Are you sure you are talking about the Enelx JuiceBox and not a Tesla HPWC? You could be right, as I don't have a Juicebox handy, but I was told you could adjust the current limit in a fine-grained way.

As to the upsize, I am confident in that, I asked the electrical inspector for my city and he approved it (he was the one who told me I could do it).
 

ATPMSD

Member
Mar 12, 2021
346
357
Atlanta, GA
Are you sure you are talking about the Enelx JuiceBox and not a Tesla HPWC?

Seems to be the same as the Tesla Wall Connector


It is possible, I guess, that more options are available, but I suggest downloading the manual for anything you are considering before buying.
 

sethinGR

Member
Apr 25, 2021
36
14
Grand Rapids, MI
downloading the manual
yeah, as you may have discovered, the Juicebox EVSE is controlled through their app, and the documentation for that is non-existent (that I could find). You know apps these days, they are all self-documenting. I will find out when I get the device I guess. If I have to charge at 40A, so be it.
 

Rocky_H

Well-Known Member
Feb 19, 2015
6,792
8,398
Boise, ID
As to the upsize, I am confident in that, I asked the electrical inspector for my city and he approved it (he was the one who told me I could do it).
I will clarify with the question very specifically:
so I can set it to 44A, which would make it acceptable for use with the 6/2 NM-B, as the breaker can be as you say 60A.
Are you talking about this specific situation, where using 6 gauge NM-B, "upsized" as if it were a 60A circuit? If you are saying that a city inspector approved THAT, I would get in his face to challenge him to explain that. That does not pass code. That wire can only support up to a 55A rated circuit, and you are not allowed to run that as if it's a 60A circuit.
 

sethinGR

Member
Apr 25, 2021
36
14
Grand Rapids, MI
Are you talking about this specific situation, where using 6 gauge NM-B, "upsized" as if it were a 60A circuit?
Not exactly. I am saying two things:
1. Code says 6 GA NM-B circuit is allowed to be used with a 60A breaker. I don't have the exact NEC section, but that is what he (and others) have told me.
2. Code says 6 GA NM-B circuit is allowed to carry 44A max continuous current.

From those two assertions, I deduce that if I am able to set my EVSE to limit the current to 44A, I can use that EVSE with 6 GA NM-B and a 60A breaker.
 

Rocky_H

Well-Known Member
Feb 19, 2015
6,792
8,398
Boise, ID
Not exactly. I am saying two things:
1. Code says 6 GA NM-B circuit is allowed to be used with a 60A breaker. I don't have the exact NEC section, but that is what he (and others) have told me.
2. Code says 6 GA NM-B circuit is allowed to carry 44A max continuous current.

From those two assertions, I deduce that if I am able to set my EVSE to limit the current to 44A, I can use that EVSE with 6 GA NM-B and a 60A breaker.
Ah, I see.

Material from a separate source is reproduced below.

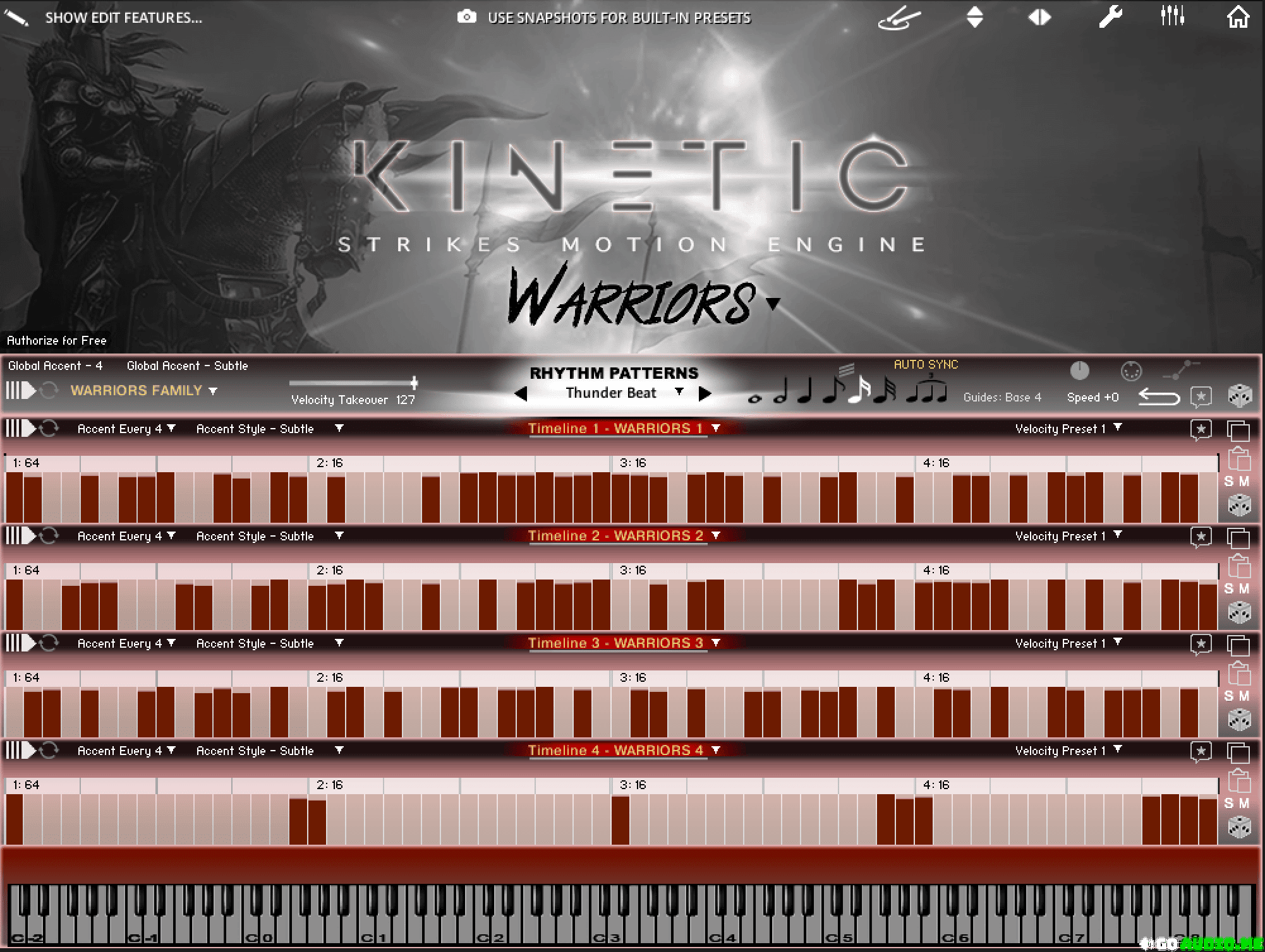 With Kinetic Percussion, you have a vast arsenal of percussion themes and keymaps at your fingertips! Up to 4 timelines where each timeline can have any one of 28 different percussion keymaps. Each timeline contains 64 note or rest events and can be divided into up to 4 “regions”. And you can have each timeline play a different pattern whether you hold down a single note or chord!

This would be trying to forcibly create a "55" rated circuit if that is possible. 44A continuous, times the 125% overage rating would be a 55A circuit. And then code would allow for the "next size up" rule, which could put a 60A breaker on, because there's not a 55A sized one (but still literally defined as 55A rated for the whole circuit).

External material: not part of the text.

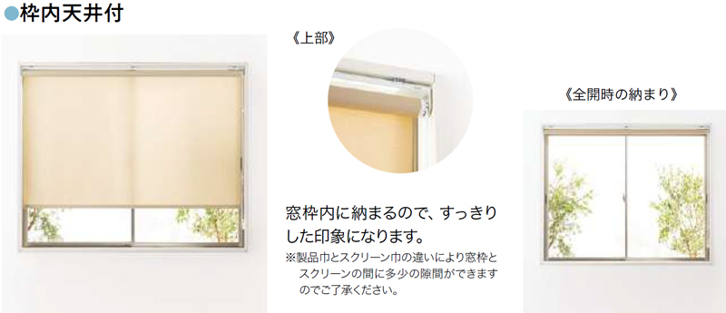 部屋の内側に製品が出っ張ってくるのが気になる場合、窓枠内に製品を納めた方が(天井付けの方が)スッキリ納まります。幅・高さとも窓枠の内側寸法から1㎝ほど引いてください。

It's one of those things that works on paper or in conversation as a thought exercise, but this is getting into theoretical unicorn territory about something that probably can't actually be purchased or built. I don't think you will be able to find any EVSE sold by any company that can be actually permanently configured for a maximum 44A continuous, as if it were on a 55A rated circuit. The manufacturers of EVSEs know that 55A circuits don't really exist, so they will only build them with configurations for either 50 or 60.